After nearly 30 years of antics, punk rock legends BOWLING FOR SOUP are going to have a lot of memories to share. If you’re about to sit down and listen to album number 11, Pop Drunk Snot Bread, then expect nostalgia, song references and a lot of reminders that they’re a bunch of Gen Xers.

“It shouldn’t come as a surprise that the history books have so many chapters on us / And if we look back on the years, it’s easy to see exactly where we fit in” – these are the playfully arrogant lyrics that open the first track Greatest of All Time. The TENACIOUS D-style song tells of their history, their message and their status in the genre, which no one can really argue with considering we were all born knowing about Nona, Dickies and a time before NIRVANA. This tongue-in-cheek approach and mentioning of their ages are humoured for one song, maybe two, but four becomes quite the stretch. One of the oldest lead singles Getting Old Sucks (But Everybody’s Doing It) follows shortly after, speaking of things that would make MACHINE GUN KELLY scream: their lack of TikTok knowledge and new-found love for New Balance.

Wouldn’t Change A Thing is a beautifully upbeat acoustic track that is of course given its injection of BFS lyrics like “When I was a kid, Zoom was a TV show and I had telephone hanging on the kitchen wall” before delving into their appreciation of the lives they got to live thanks to music. The classic early 00s tune After All These Beers, which wonderfully encapsulates BUSTED’s Year 3000 from the same era, speaks of what they’ve been able to achieve while revolving their lives around hedonism. While it’s great to relive these moments with BFS through these songs, it brings about a sense of dread, questioning why are they being so sentimental all of a sudden, and the dawning that they really are middle-aged men singing about the same daft topics they were in the 90s.

In between these feelings of awe, joy and shock, there are also sentimental moments. The most strangely powerful one comes during a piano-lead elevator interlude narrated by a Morgan Freeman impersonator, titled Public Service Announcement. Only 39 seconds long, he states “Remember that you are important. This planet is better with you on it and BOWLING FOR SOUP loves you.” While odd and completely unanticipated in its lead up, one can imagine it’d be quite nice for it to come on shuffle during a bad day.

The slow country-twinged track The Best We Can equally shows a different side of BFS, not only in the stripped-back, loved-up lyrics, but also the style. Within this long and (obviously) punk rock record, a hint of variation is welcomed with open arms, especially in a way that doesn’t sound drastically out of place like many other artists fall victim to. The same can be said of Killin’ ‘Em With Kindness. No one could predict the hip-hop one-line chorus that chimes in amongst the generically BFS verses. It elevates their humour outside of ridiculous and uninspired (in this song’s case) lyrics into trying and blatantly failing at falsetto vocals and openly laughing at their over-the-top juxtaposition.

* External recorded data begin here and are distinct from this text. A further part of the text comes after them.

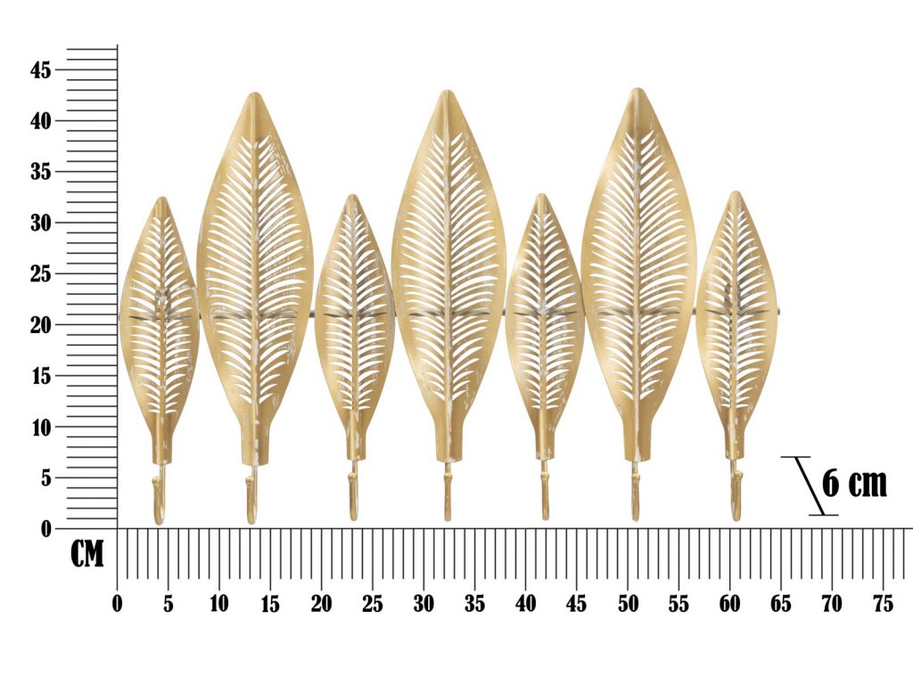 Zlatý nástěnný věšák Mauro Ferretti Leaf, 65x42,5x6 cm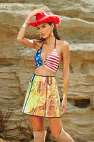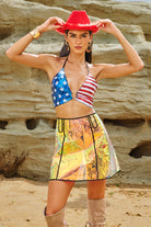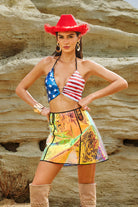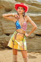 Be the center of attention with the Adriel Halter Neck Sequin Top. This shimmering piece is all over sequins and features a halterneck neckline for a flattering look from every angle. The open back lends a sexy, confident vibe, while the cropped cut pairs perfectly with high-waisted bottoms, leather pants or a stage skirt. Whether you're performing, partying or posing at a festival, this top will make you shine with every move.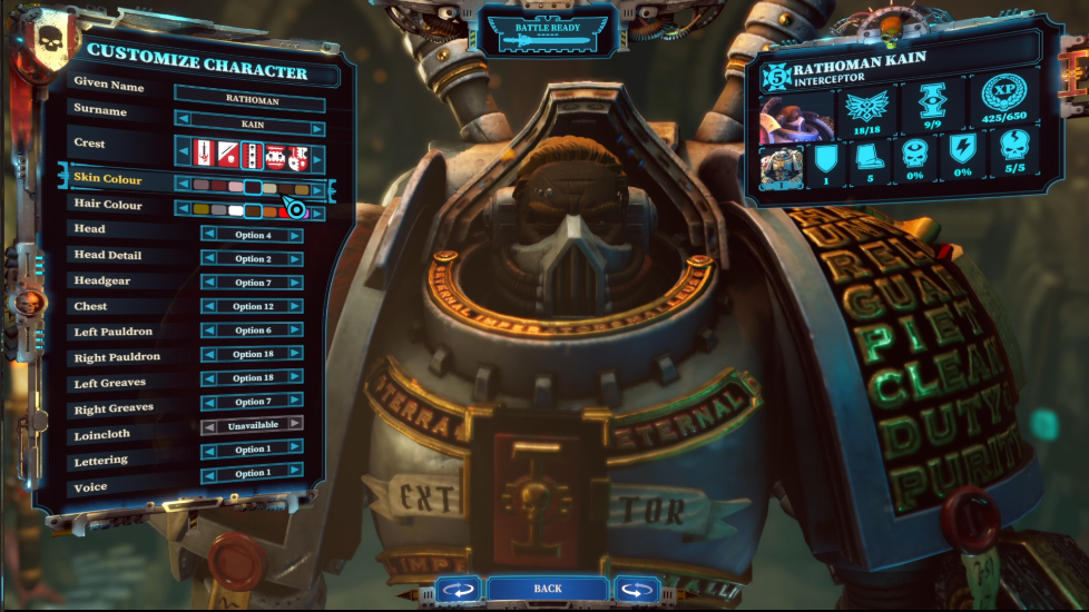 In addition to all the abilities, weapons, and wargear you'd expect, there's a host of cosmetic options available for your dudes. With a broad range of skin colors, hair styles, accessories, and customization on every single piece of armor, each Knight can be truly unique. Each Knight also has a given name and a surname. Their given name can be anything you want, Commander Shepard-style, while their surname is chosen from a list of names you scroll through. These are all nice and Warhammery sounding, and mean that when you click on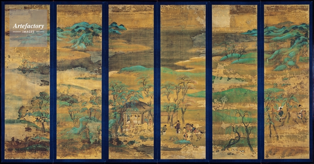 | キャプション | 絹本著色,6曲1隻, 中国的風俗を描いたいわゆる唐絵(からえ)の山水屏風で、かつて東寺に伝来したもの。もともとは宮中や貴族の邸宅の室内調度として作られたと思われる。平安時代の屏風絵としては唯一の遺品である。 縁取りのある6面(扇)から構成されるが、全体は連続した横長の図様になっている。近景には人物とそれをとりまく景観および花を咲かせた藤蔓や樹木をやや大きく表し、中・遠景になだらかな丘陵と横にひろがる水景、さらに遠山を配している。ゆったりとしたのどかな春の景色とみなされる。図様の中心をなすのは向かって右から第3・4扇下方にある庵 (..) | 制限事項 | ||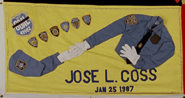 Two police uniforms stitched hand in hand, marked with the insignia of the Gay Officers Action League. A quiet but powerful gesture of love, vulnerability, and solidarity within an institution often hostile to LGBTQ+ lives. . Block # 891 (08). National AIDS Memorial. “AIDS Memorial Quilt.” Accessed April 23, 2025. https://www.aidsmemorial.org/quilt.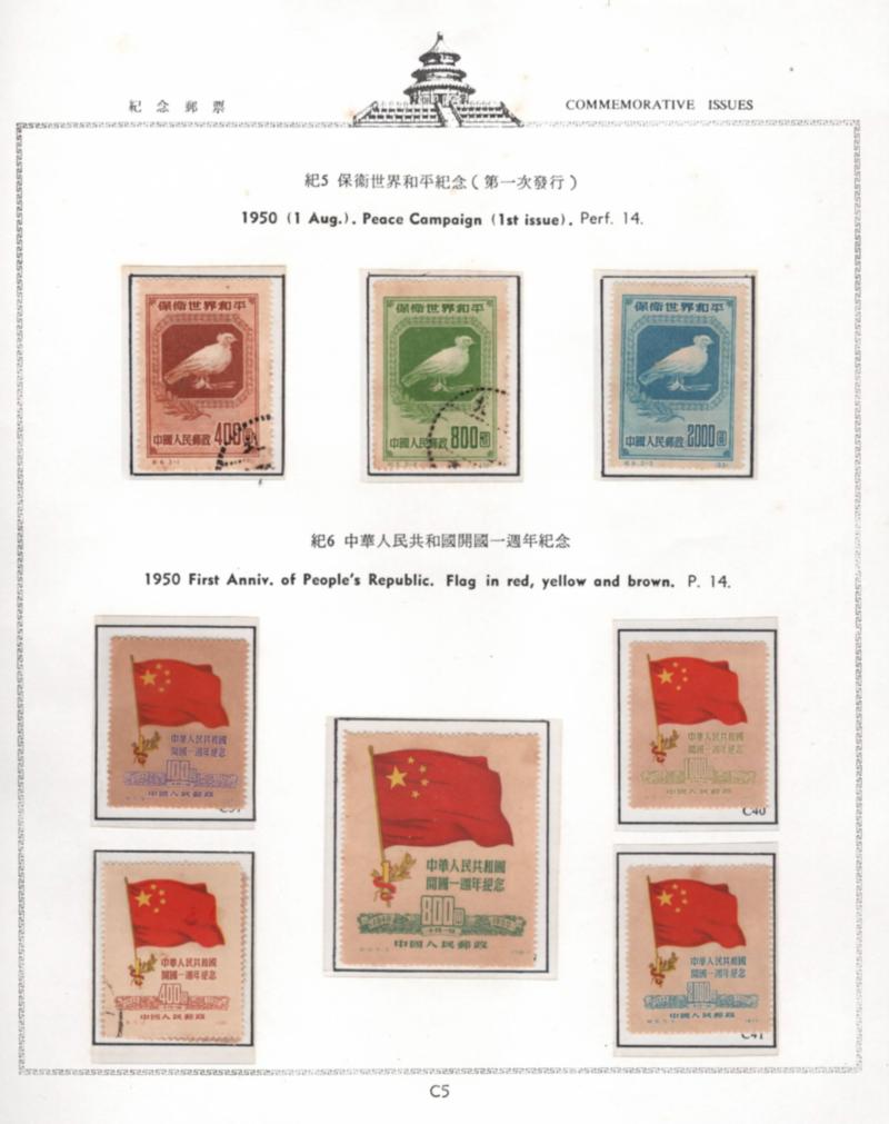 China 1950 First issue of Peace campaign 3 stamps + 5 stamps of 1st Anniversary of People's republic (Image)

Standing out clearly from any other songs however are Alexa Bliss and I Wanna Be Brad Pitt. Name-dropping celebrities is a classic BFS move and makes a track instantly relatable – which is what the band try to be at every waking moment. It’s not only lyrics like “He was born in Shawnee, Oklahoma / So was my mom, I wonder if she knew his mom” and “Her favourite song’s Girl All The Bad Guys Want […] She’s got a pet pig named Larry-Steve and he’s so smart” that make them fit perfectly alongside their most infamous hits; within these two songs, the riffs, tempo and vigour of the choruses fit the blueprint of early 00s punk rock and would fit in perfectly during this period (if the references weren’t a little too advanced).

Pop Drunk Snot Bread in general could be viewed as a nostalgic trip of an influential band going through their highs of the last couple of decades, or just 15 songs shouting about how old and out of touch they are – but hey remember those big songs they keep mentioning? But one thing no one can deny is that pop drunk really is snot bread, because BOWLING FOR SOUP are never going to lay it to rest.

Rating: 7/10

Pop Drunk Snot Bread - Bowling For Soup

Pop Drunk Snot Bread is out now via Brando/Que-So Records.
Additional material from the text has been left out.